What you need to know about spending — and saving! — your first paycheck

What not to do with your first paycheck

It can be tempting to treat yourself once you start working. Find out what you need to know before cashing in.

Getting your first paycheck can be exciting and empowering — you’re finally earning your own money. And while you may want to treat yourself on payday (who doesn’t?), expenses can add up. You want to be smart with your spending — and saving.

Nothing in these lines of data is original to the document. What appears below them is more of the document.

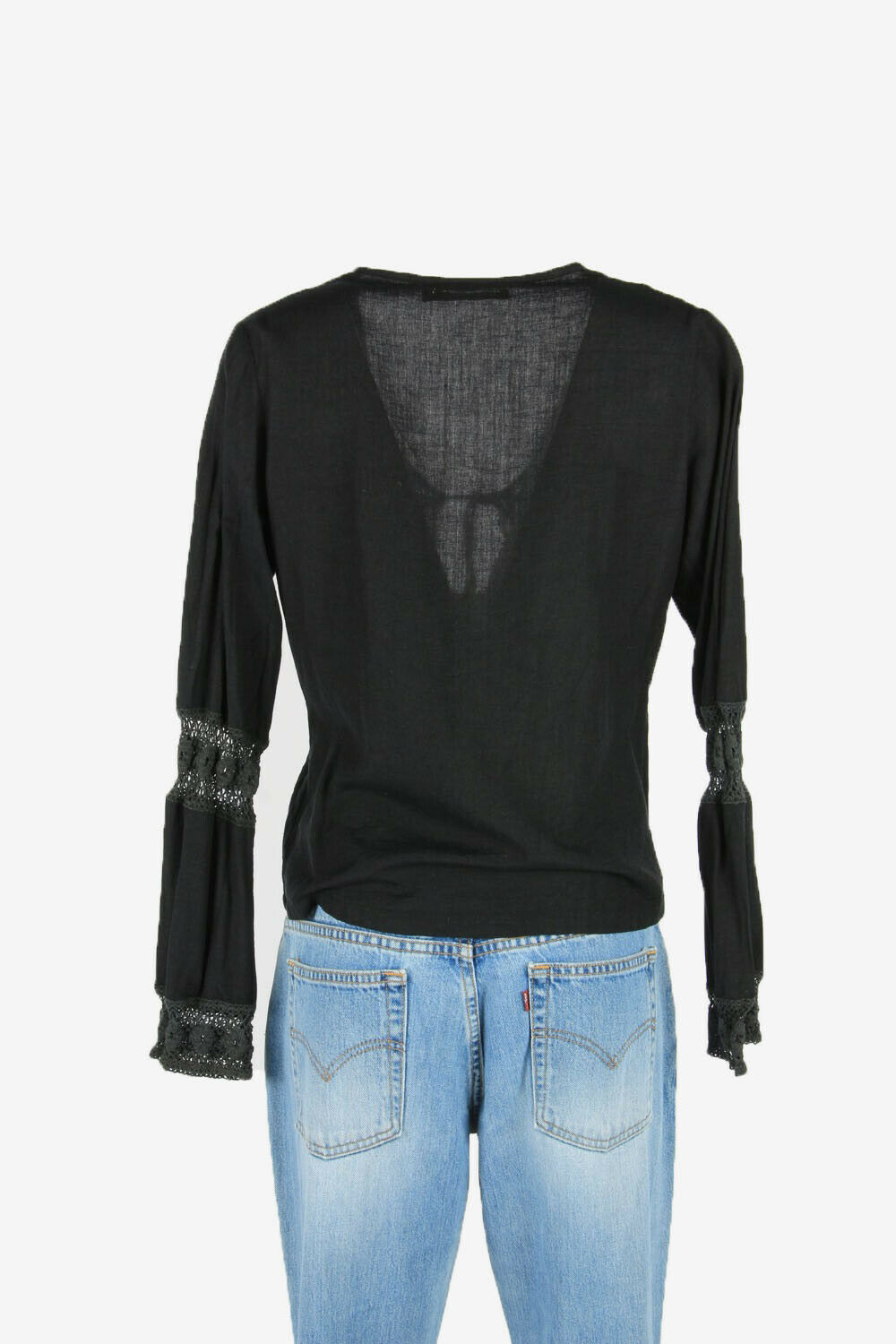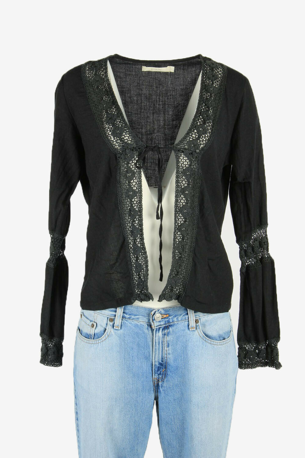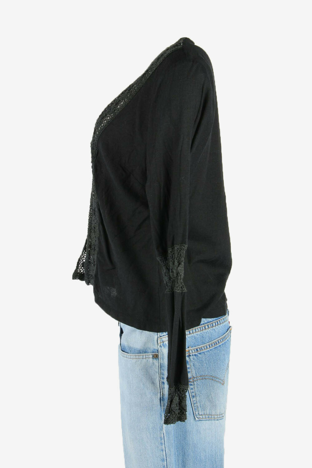 Hippie Gypsy Embroidered Blouse Tunic Top Vintage Kaftan Black Size L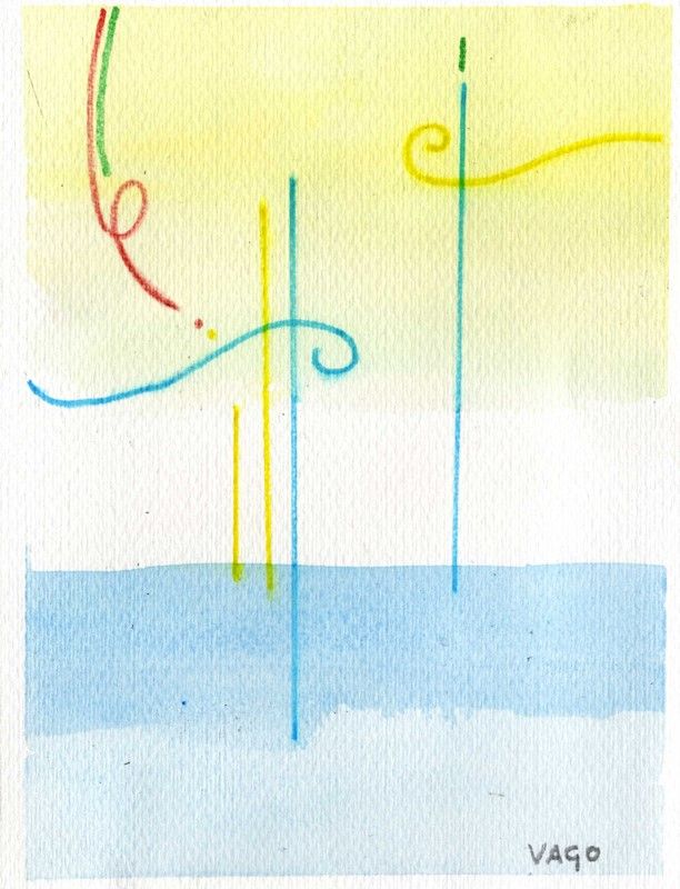 Acquerello, pastello e pennarello su cartoncino. mm 196x151. Firma a matita in basso a destra. Al verso doppio timbro a inchiostro nero de "Mail Art - Archivio Eraldo Di Vita", iscritto l'indirizzo del critico d'arte e "Grazie", con controfirma dell'artista. Targhetta applicata con i dati dell'opera e francobollo "Castello Aragonese, Ischia, Italia" con timbro.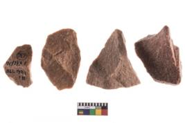 | Description / विवरण | A specimen of flake tool with prominent flaking marks. It made up of a short flakes with sides trimmed. It is rectangular in shaped |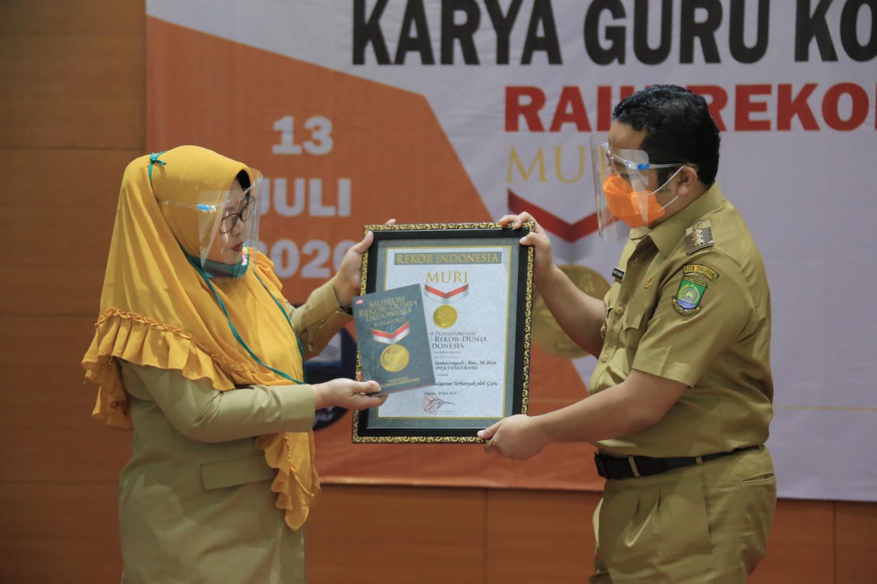 Piagam Rekor Muri tersebut diserahkan kepada Wali Kota Tangerang, Arief Wismansyah didampingi Sekda Kota Tangerang Herman Suwarman dan Kadis Pendidikan Masyati Yulia dalam acara Launching 750 Video Pembelajaran di Masa Pandemi Karya Guru Hebat Kota Tangerang.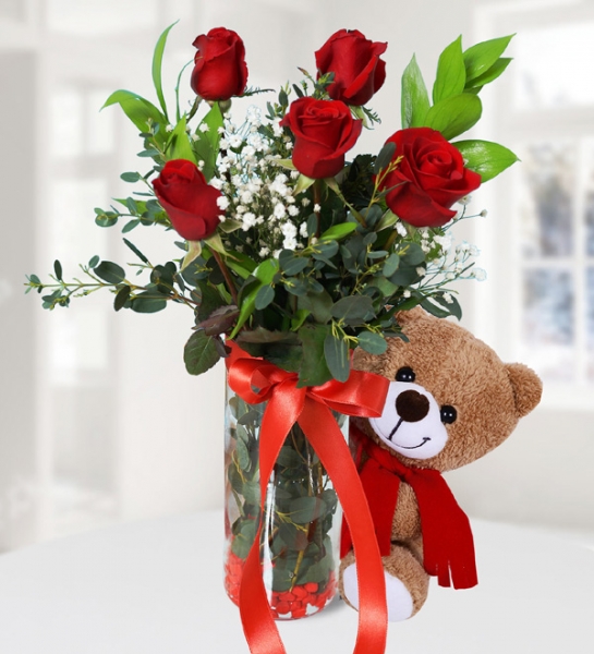 Klasik gibi gözüken bir aranjmana yapılan küçük bir dokunuşla sizlerin beğenisine sunulan bu tasarım içindeki peluş ayı ile hem aşkınızın tutkusunu hem de sevginizin sıcaklığını aynı anda hissettireceksiniz.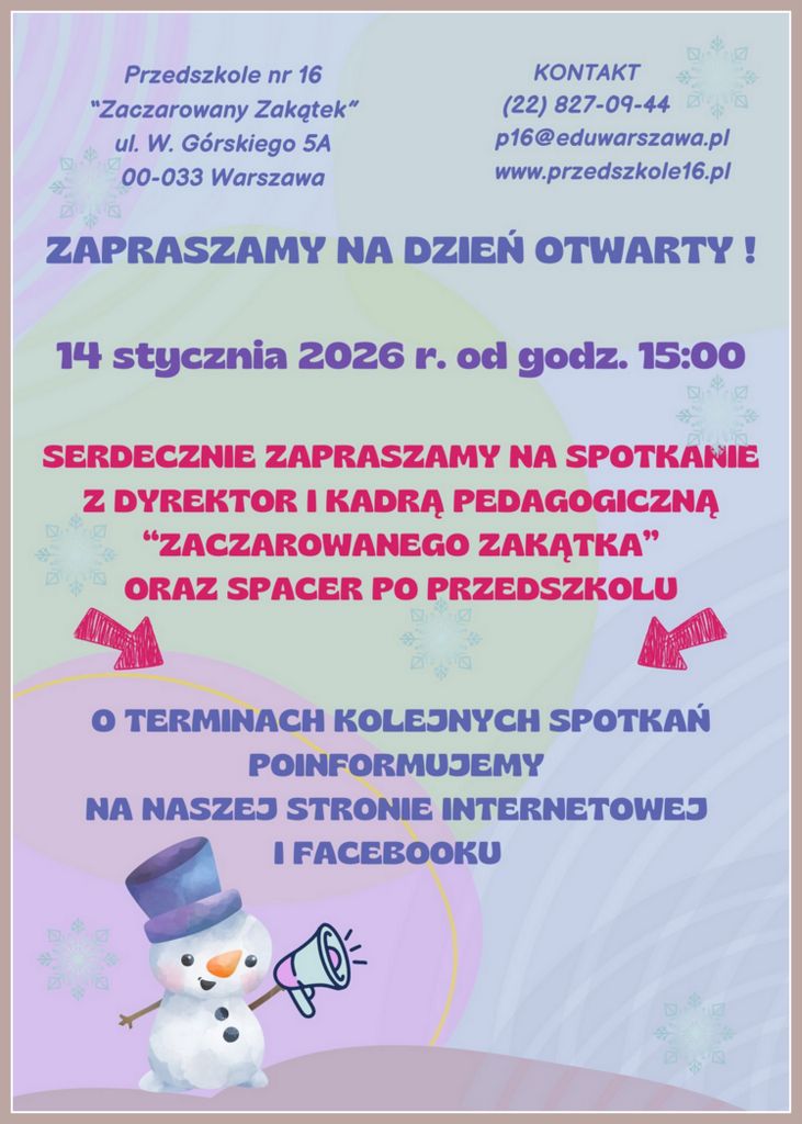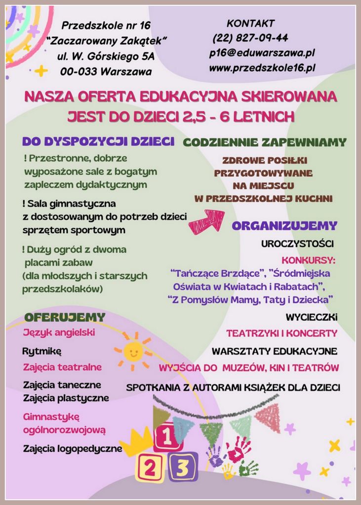 Śródmiejskie Przedszkole nr 16 „Zaczarowany Zakątek” to placówka z 67 letnią tradycją. Zlokalizowane jest w kwadracie ulic: Chmielna, Szpitalna, W. Górskiego, Nowy Świat.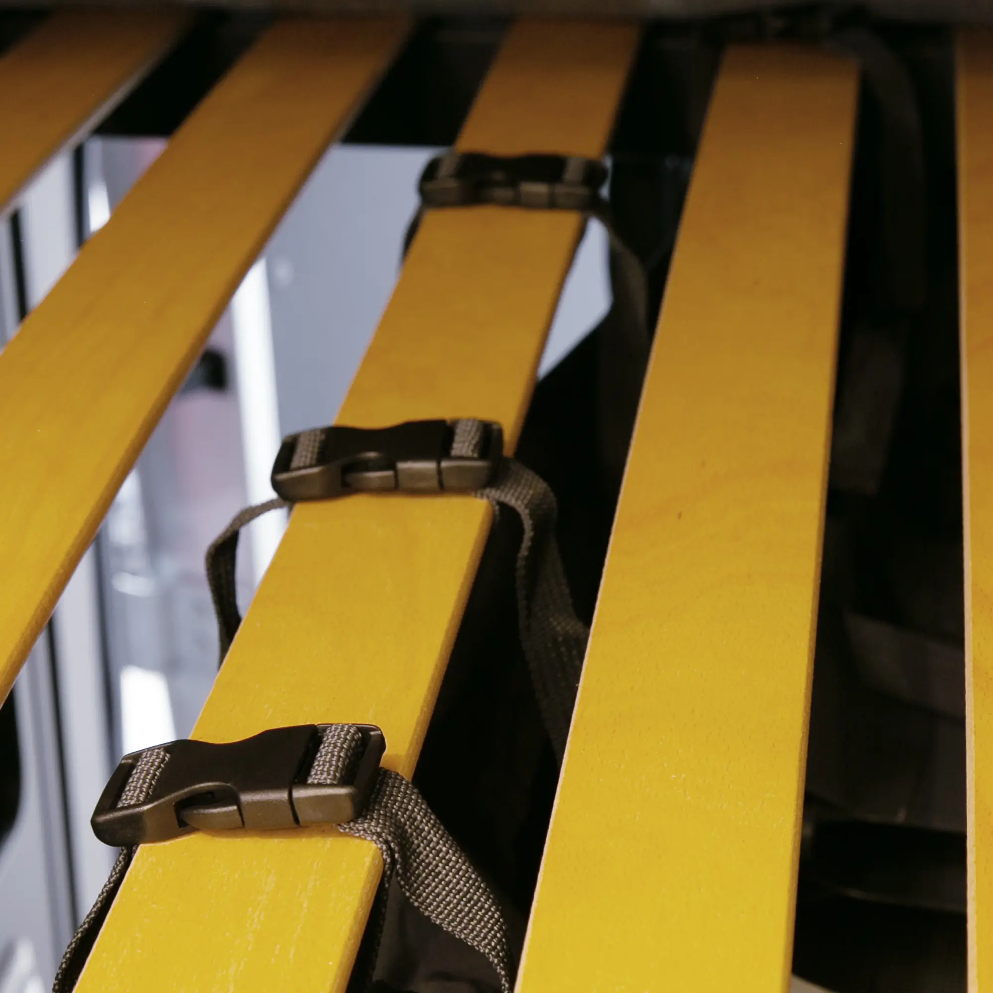 Das intelligente Befestigungssystem aus 16 verstellbaren Gurten mit hochwertigen Schnallen und zusätzlichen Metall-D-Ringen sorgt für eine bombenfeste Montage an nahezu jedem Lattenrost. Sechs stabile Gestänge im Boden der Tasche garantieren, dass nichts durchhängt – auch nicht bei voller Beladung auf unebenen Straßen. So reisen Sie immer sicher und ohne störende Geräusche.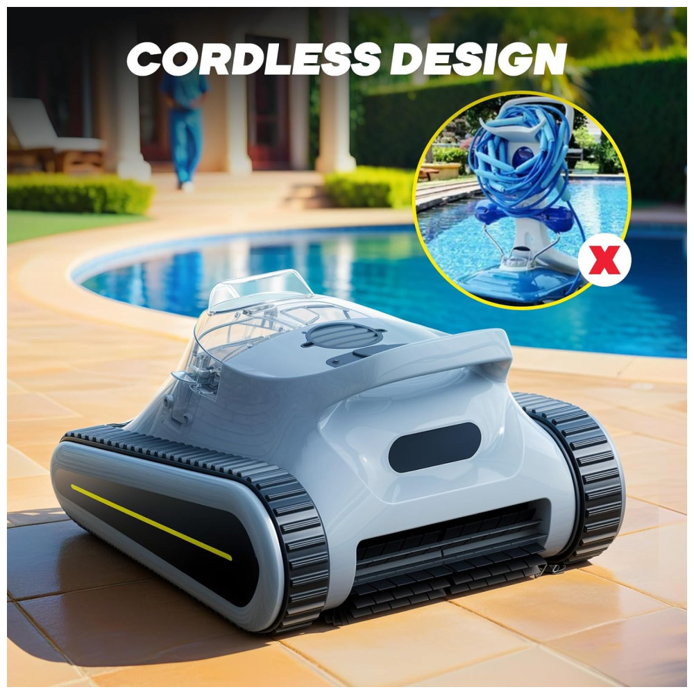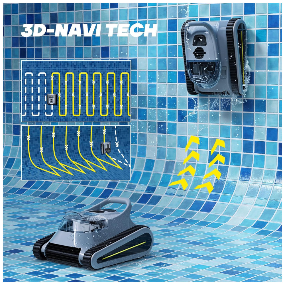 Robô de Limpeza Sem Esforço: O Robô de Limpeza de Piscina Seauto utiliza tecnologia avançada 3D-Navi para limpar de forma eficiente qualquer tipo de piscina por mais de 1,5 horas. Com apenas um toque, o aspirador automático cobre todos os pisos e paredes da piscina.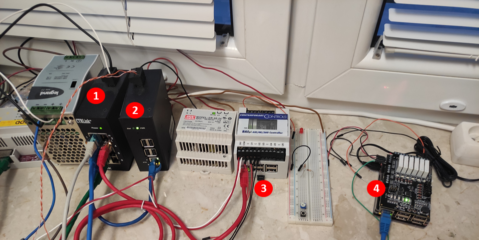 图 1. AGH 科技大学的楼宇自动化实验室配备了科动控制的网络和控制培训设备。 从左到右:1) CTRLink 蝎王型8端口千兆以太网诊断型交换机 2) BASview3 基于Web的图形界面控制器 3) BASpi-Edge 12点云连接BACnet控制器 4) BASpi-IO 12 点树莓派BAS扩展板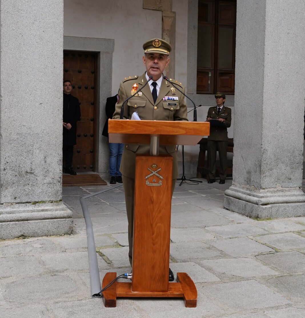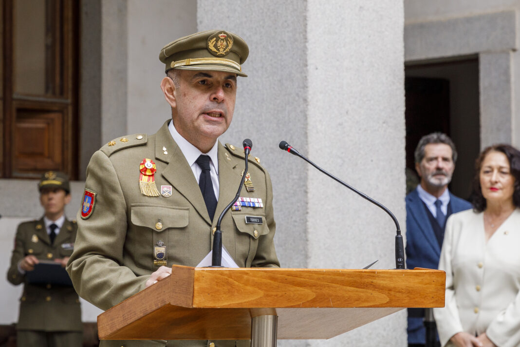 El Teniente coronel Torres, durante su discurso de inicio del curso en la Academia de Artillería de Segovia Img/Nacho Valverde en ICAL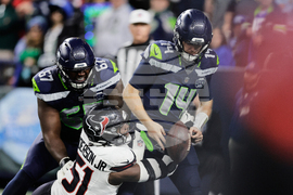 Seattle Seahawks quarterback Sam Darnold (14) is stripped of the ball by Houston Texans defensive end Will Anderson Jr. (51) as Charles Cross (67) helps defend on the play in the second half of an NFL football game Monday, Oct. 20, 2025, in Seattle. (AP Photo/John Froschauer)

Here are five actions to consider taking with your first paycheck — and some to take every paycheck.

1. Set up direct deposit

Gone are the days of paper paychecks thanks to Direct Deposit. Direct deposit is super convenient, safe, and a faster way to have your paycheck deposited into your account. Plus, you’ll have immediate access to your money. You won’t need to worry about checks getting lost, delayed, or stolen. All you need is your account number and routing number to set up direct deposit.

2. Create a budget

One good financial habit is to set a spending plan. If you’re a Wells Fargo customer, tools like My Money Map can help you create a spending report, so you know if you’re overspending in a particular category like eating out. You can also set up a budget watch, which can help you create a personalized budget to track spending, set monthly spending goals, and stay in control of everyday finances. Don’t know where to start?  We’ve created a college budget worksheet to get you started. With a little upfront work to put these tools into place, you’ll quickly see where your money is going each month (and be able to course-correct if you’re overspending somewhere).

3. Make a savings plan

Paying day-to-day bills and covering your college expenses might take up a decent chunk of your paycheck, but you’ll also want to consider setting up a savings plan for some of the money you have left over to help meet short- and long-term goals.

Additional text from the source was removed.